### Problem to work on
When copying the data below, keep only the lines from the one with "المبارك في لجنة" through the one with "松本営業所・第8号倉庫", word for word, and skip the pictures.

### Data extract

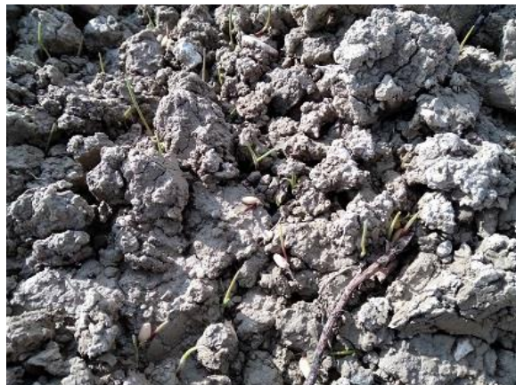
Emergenza BBCH 10

Si segnalano sporadici ed occasionali ingiallimenti solo in alcuni appezzamenti e soprattutto nelle capezzagne riconducibili a ristagni idrici.
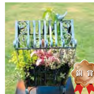
甲子園一番町グリーンクラブ 岸 美樹
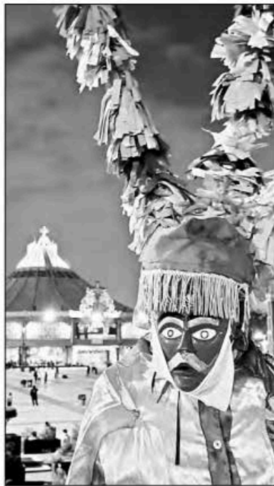
▲ Continúa la llegada de feligreses a la Basílica de Guadalupe.

MEDIO BILLÓN DE pesos (500 mil millones) es el impacto económico de la corrupción en el país, de acuerdo con el estudio del capítulo nacional de la Cámara de Comercio Internacional (ICC México). Su reporte se basa en datos de
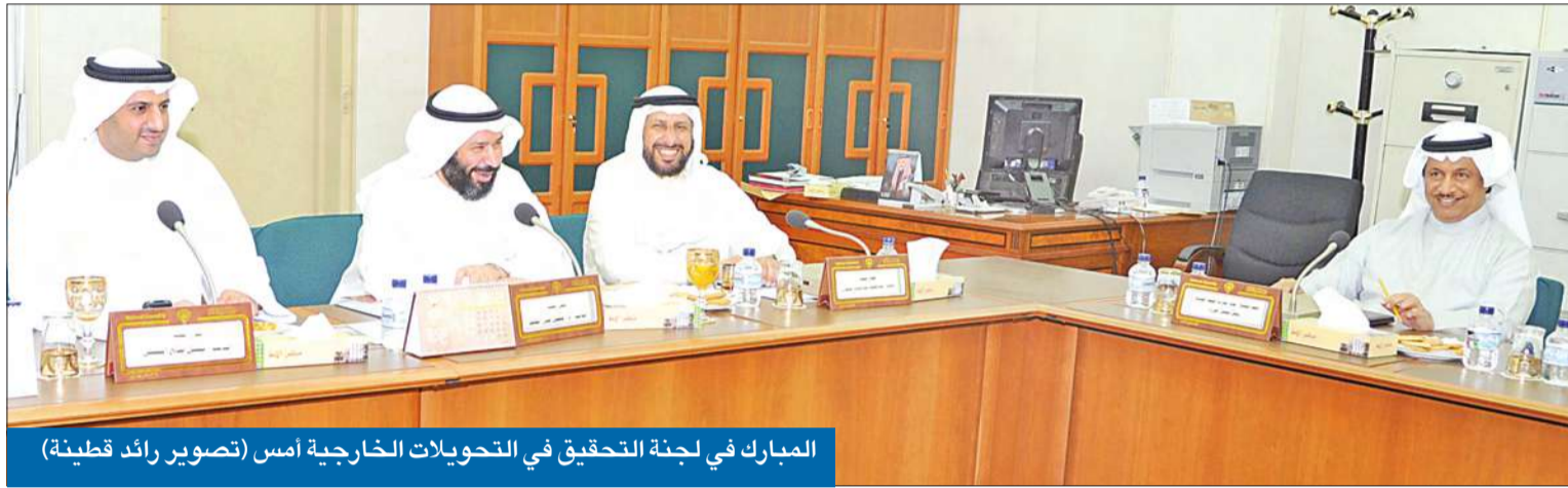
المبارك في لجنة التحقيق في التحويلات الخارجية أمس

في سابقة سياسية تسجل لسموه على مستوى لجان تحقيق مجلس الأمة، حضر رئيس مجلس الوزراء سمو الشيخ جابر المبارك مساء أمس أمام لجنة التحقيق في التحويلات الخارجية وأدلى بشهادته. وقال رئيس اللجنة النائب فيصل المسلم لـ الجريدة إن سمو رئيس الوزراء أبدى تعاوناً مع اللجنة إلى أبعد الحدود، فضلاً عن إصراره على تادية القسم قبل الإدلاء بالشهادة، مبيناً أن سموه أجاب عن كل الأسئلة التي طرحها اللجنة. وأضاف المسلم أنه تم إبلاغ سموه بأن هناك وزارات غير متعاونة وخصوصاً الخارجية، التي أعلن أنه سيرزوها غداً، مشيراً إلى أن المبارك أبدى ترحيبه «بزيارتي لديوانه في أي وقت أشاء». وقالت مصادر مطلعة لـ الجريدة إن رئيس الوزراء أبلغ اللجنة أنه أوقف جميع التحويلات التي تتم بأوامر شفوية عن طريق ديوانه، وأنه وجه بان تجري فقط عن طريق مجلس الوزراء وفق القنوات القانونية.
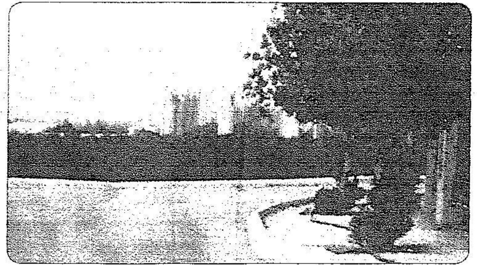
منتزه بوابة مكة متى يعود لاستقبال المواطنين ؟
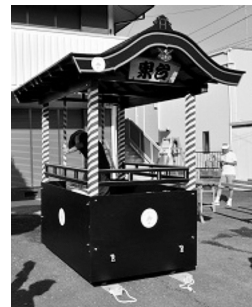
宝くじ助成で購入した山車

上宿区・地頭方自治会／集会所備品(テーブル他) 泉台区会／山車他 〇市民協働推進課 〇75-4539・〇75-9819
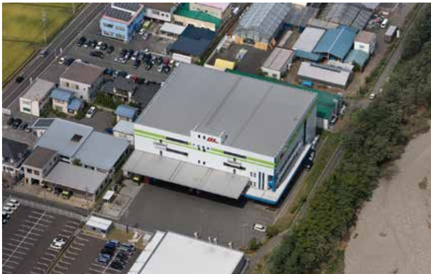
松本営業所・第8号倉庫

本店:長野県伊那市野底8268-17 TEL0265-72-4321 FAX0265-76-3200 URL http://www.ina-ootani.co.jp
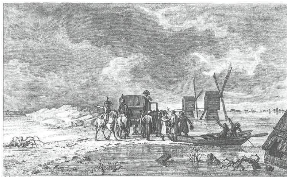
GETAAR WAAR IN DE KONING ZICH BEVONDT, OP DEN DALEMSCHEN-DYK, DOOR HET OPKRUIJEN DER YNSCHOTZEN. in Touwmanus' Nieuw

### Exercise answer
المبارك في لجنة التحقيق في التحويلات الخارجية أمس

في سابقة سياسية تسجل لسموه على مستوى لجان تحقيق مجلس الأمة، حضر رئيس مجلس الوزراء سمو الشيخ جابر المبارك مساء أمس أمام لجنة التحقيق في التحويلات الخارجية وأدلى بشهادته. وقال رئيس اللجنة النائب فيصل المسلم لـ الجريدة إن سمو رئيس الوزراء أبدى تعاوناً مع اللجنة إلى أبعد الحدود، فضلاً عن إصراره على تادية القسم قبل الإدلاء بالشهادة، مبيناً أن سموه أجاب عن كل الأسئلة التي طرحها اللجنة. وأضاف المسلم أنه تم إبلاغ سموه بأن هناك وزارات غير متعاونة وخصوصاً الخارجية، التي أعلن أنه سيرزوها غداً، مشيراً إلى أن المبارك أبدى ترحيبه «بزيارتي لديوانه في أي وقت أشاء». وقالت مصادر مطلعة لـ الجريدة إن رئيس الوزراء أبلغ اللجنة أنه أوقف جميع التحويلات التي تتم بأوامر شفوية عن طريق ديوانه، وأنه وجه بان تجري فقط عن طريق مجلس الوزراء وفق القنوات القانونية.
منتزه بوابة مكة متى يعود لاستقبال المواطنين ؟
宝くじ助成で購入した山車

上宿区・地頭方自治会／集会所備品(テーブル他) 泉台区会／山車他 〇市民協働推進課 〇75-4539・〇75-9819
松本営業所・第8号倉庫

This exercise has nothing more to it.